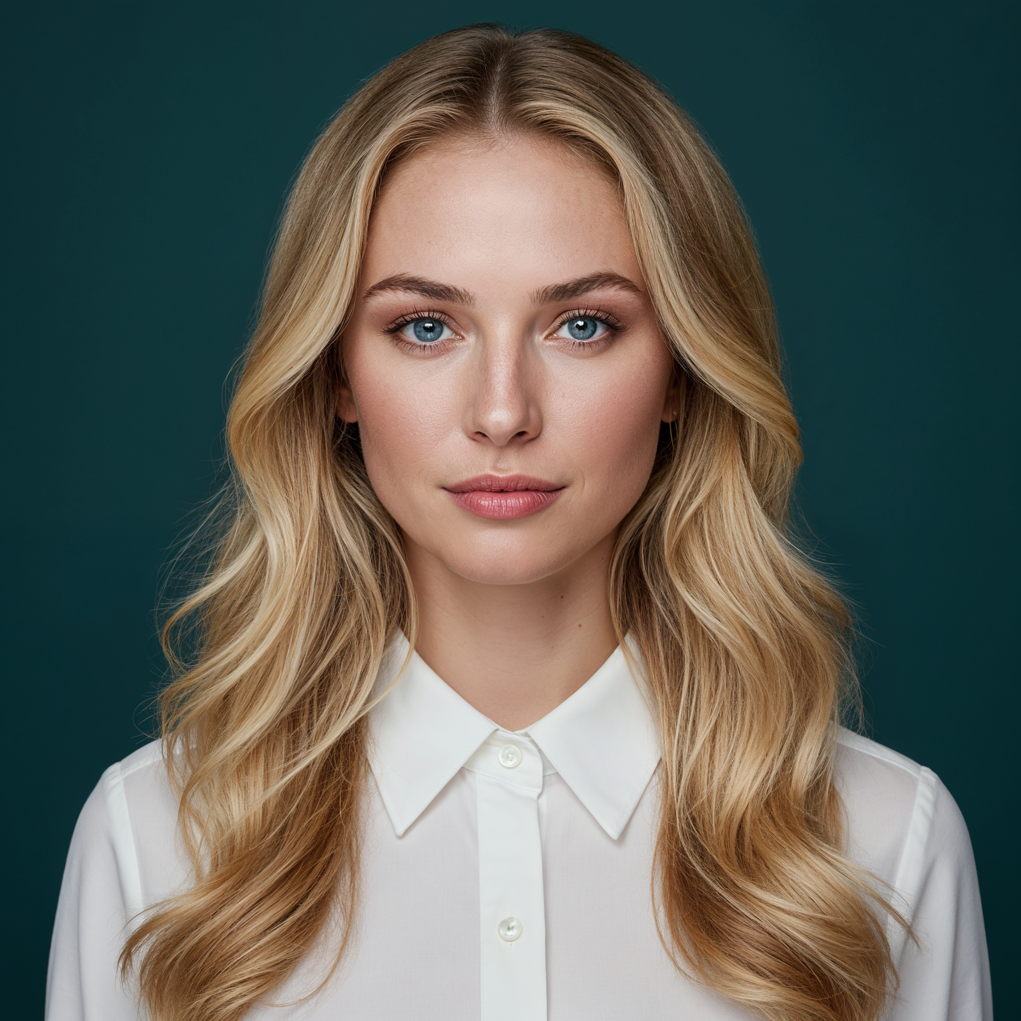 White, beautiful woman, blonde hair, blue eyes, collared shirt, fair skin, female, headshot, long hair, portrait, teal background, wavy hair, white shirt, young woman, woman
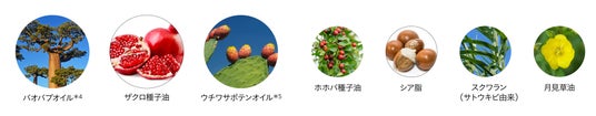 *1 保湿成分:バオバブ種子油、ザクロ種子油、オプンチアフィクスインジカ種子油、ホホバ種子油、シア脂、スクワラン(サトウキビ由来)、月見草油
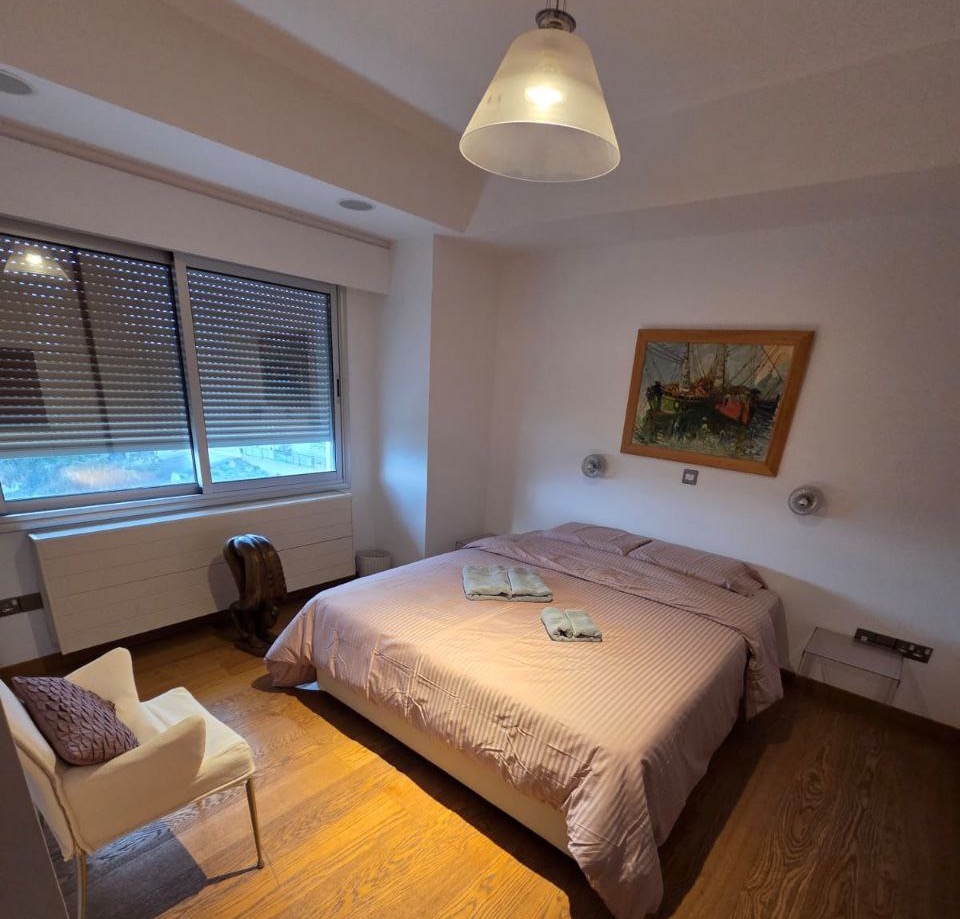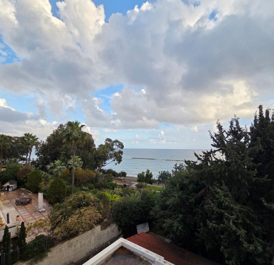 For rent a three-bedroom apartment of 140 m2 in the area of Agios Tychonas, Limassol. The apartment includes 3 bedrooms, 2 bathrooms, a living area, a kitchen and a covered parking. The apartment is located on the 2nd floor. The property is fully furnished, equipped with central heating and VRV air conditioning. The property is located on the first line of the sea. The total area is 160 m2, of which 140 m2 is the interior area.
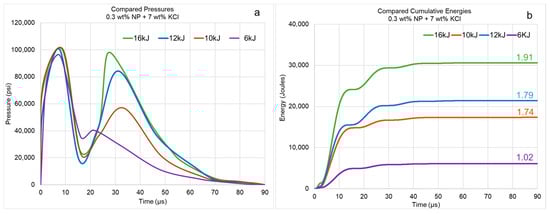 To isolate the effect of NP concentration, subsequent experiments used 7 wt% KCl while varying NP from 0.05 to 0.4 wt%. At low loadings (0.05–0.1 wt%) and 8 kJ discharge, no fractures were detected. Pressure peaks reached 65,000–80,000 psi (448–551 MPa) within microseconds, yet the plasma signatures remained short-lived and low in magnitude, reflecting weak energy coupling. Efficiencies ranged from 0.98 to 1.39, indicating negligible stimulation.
┄┄┄┄┄┄┄┄┄┄┄┄┄┄┄┄┄┄┄┄
- Exercise details:
Make an exact copy of the data, leaving its pictures out.

- Response:
 White, beautiful woman, blonde hair, blue eyes, collared shirt, fair skin, female, headshot, long hair, portrait, teal background, wavy hair, white shirt, young woman, woman
 *1 保湿成分:バオバブ種子油、ザクロ種子油、オプンチアフィクスインジカ種子油、ホホバ種子油、シア脂、スクワラン(サトウキビ由来)、月見草油
 For rent a three-bedroom apartment of 140 m2 in the area of Agios Tychonas, Limassol. The apartment includes 3 bedrooms, 2 bathrooms, a living area, a kitchen and a covered parking. The apartment is located on the 2nd floor. The property is fully furnished, equipped with central heating and VRV air conditioning. The property is located on the first line of the sea. The total area is 160 m2, of which 140 m2 is the interior area.
 To isolate the effect of NP concentration, subsequent experiments used 7 wt% KCl while varying NP from 0.05 to 0.4 wt%. At low loadings (0.05–0.1 wt%) and 8 kJ discharge, no fractures were detected. Pressure peaks reached 65,000–80,000 psi (448–551 MPa) within microseconds, yet the plasma signatures remained short-lived and low in magnitude, reflecting weak energy coupling. Efficiencies ranged from 0.98 to 1.39, indicating negligible stimulation.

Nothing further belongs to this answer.